I need to pass some extra informations along with UIWebView loadRequest: so that it reaches my implementation of NSURLProtocol. The information cannot be bound to NSURLRequest because the information must be retained with NSURLRequest mainDocumentURL as well. So i subclassed NSURL and constructed NSURLRequest with it. I already knew that the NSURLRequest which reaches NSURLProtocol startLoading is NOT the instance i have fed to UIWebView loadRequest, so i implemented NSURL copyWithZone too, naively expecting that URL loading system will use it.
Now, NSURLProtocol canInitWithRequest is called not once as one would reasonably expect, but at least 4 times before startLoading. First 2 times of that, the incoming NSURLRequest still contains my custom NSURL implementation. Then an unfortunate internal code called CFURLCopyAbsoluteURL asks for the absoluteURL of my custom NSURL and the next canInitWithRequest (and subsequent startLoading) already gets a completely new NSURLRequest with fresh NSURL in it. copyWithZone is never called and my subclassed NSURL is lost.
Before i give up and implement an inferior and fragile solution with attaching stuff directly to the URL string, i would like to ask the wizards of higher level, whether they see a way how to catch that initial blink on the NSURLProtocol radar or how to trick CFURLCopyAbsoluteURL into carrying my custom instance. I have tried to hack NSURL absoluteURL by returning again a new instance of my custom NSURL class, but it didn't help. I have seen some promise in NSURLProtocol setProperty functionality, but now it appears pretty useless. URL loading system creates new instances of everything happily and NSURLRequest arrived in NSURLProtocol seems to be the same as the one entered into UIWebView only accidentally.
UPDATE: ok i wanted to keep the post as short as possible, but the even the first reply is asking for technical background, so here we go: i've got multiple UIWebViews in app. These views may run requests concurrently and absolutely can run requests for the same URL. It's like tabs in desktop browser. But i need to distinguish which UIWebView was the origin of each particular NSURLRequest arriving to the NSURLProtocol. I need a context being carried with each URL request. I can't simply map the URLs to data, because multiple UIWebViews may be loading the same URL at any moment.
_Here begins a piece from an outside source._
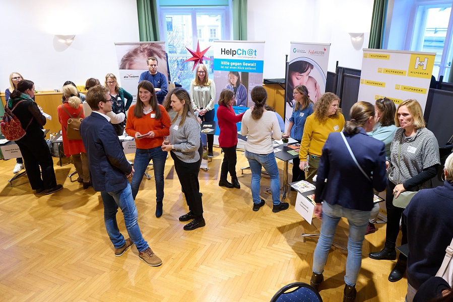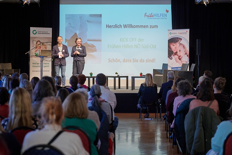 Nach einem Fachvortrag von Klaus Vavrik (Facharzt für Kinder- u. Jugendheilkunde) wurden die Umsetzer*innen der Frühen Hilfen NÖ Süd-Ost vorgestellt. Abschließend wurde sich bei Fingerfood ausgetauscht und vernetzt. Auf dem Marktplatz mit Infoständen präsentierten kooperierende Organisationen ihr Angebot.

UPDATE 2: Attaching the context information to NSURL is preferred and, as far as my understanding goes, the only usable. The issue is that requests for resources referenced inside page (images etc.) do not go through UIWebViewDelegate at all and end up in NSURLProtocol directly. I don't have a chance to touch, inspect or modify such requests anywhere prior to NSURLProtocol. The only contextual link for such requests is their NSURLRequest mainDocumentURL.
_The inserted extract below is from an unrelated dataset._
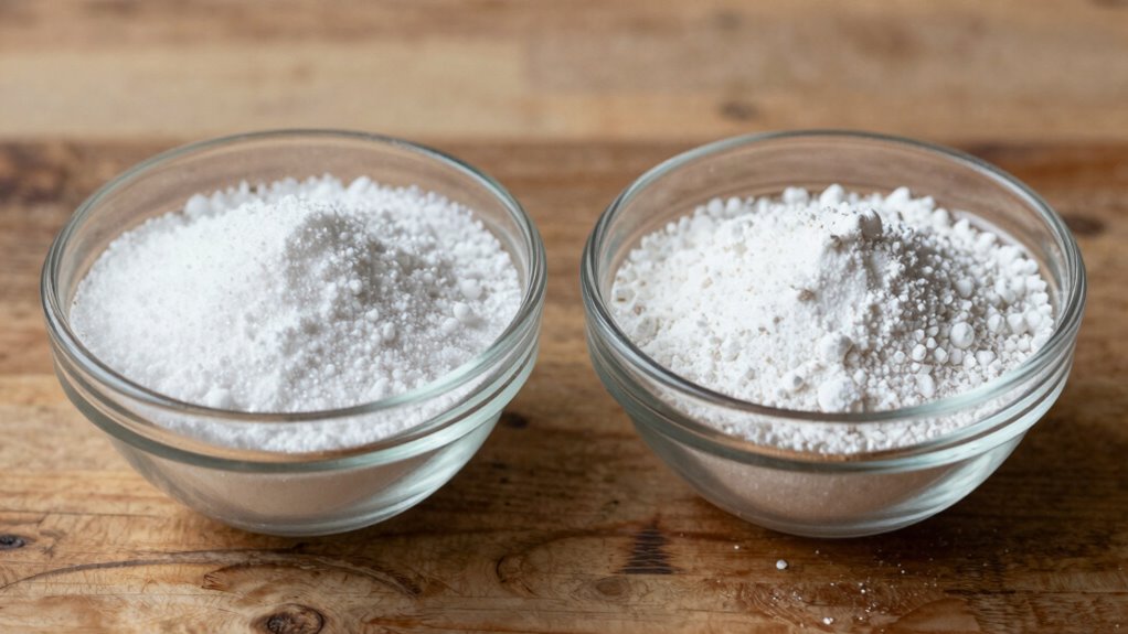 Baking soda is pure sodium bicarbonate that reacts quickly with acids like vinegar or lemon juice to produce carbon dioxide, helping baked goods rise. Baking powder contains both acid and base, releasing gas when wet and heated, making it ideal for recipes without added acids. Knowing when to use each depends on your ingredients. Keep in mind that proper ratios and handling are key—more details are just ahead to help you bake perfectly.

If there's some way to get your original NSURL used as mainDocumentURL that would be ideal. If there's no way to prevent it being copied, I thought of the following hack as an alternative:
Before the creation of each UIWebView, set the user agent string to a unique value. Supposedly this change only affects UIWebView objects that are created subsequently, so each view will end up with its own distinctive user agent string.
In the NSURLProtocol implementation, you can check the user agent string to identify the associated UIWebView and pass it through to the real protocol handler using the actual user agent string (so the server will see nothing different).
All this depends on the views really ending up with different UA strings. Let me know if you manage to get it to work!
You say that you can't put it on the NSURLRequest, but I'm not clear why from your updated discussion. That would be the most natural place to put it.
Implement webView:shouldLoadWithRequest:navigationType:.
Attach an extra property to the provided request using objc_setAssociatedObject. Then return YES. (It would be nice to use setProperty:forKey:inRequest: here, but UIWebView passes us a non-mutable request, so we can only attach associated objects. Yet another way that UIWebView is a pale shadow of OS X's WebView, which can handle this).
In the NSProtocol, read your extra property using objc_getAssociatedObject. The request should be the same one you were presented earlier. You suggest that this isn't the case. Are you saying that the request at webView:shouldLoadWithRequest:navigationType: is different than the request at initWithRequest:cachedResponse:client:?
Am I missing another requirement or quirk?
You can pass options through custom request headers, assuming that the targeted website or service provider don't somehow strip those in transit.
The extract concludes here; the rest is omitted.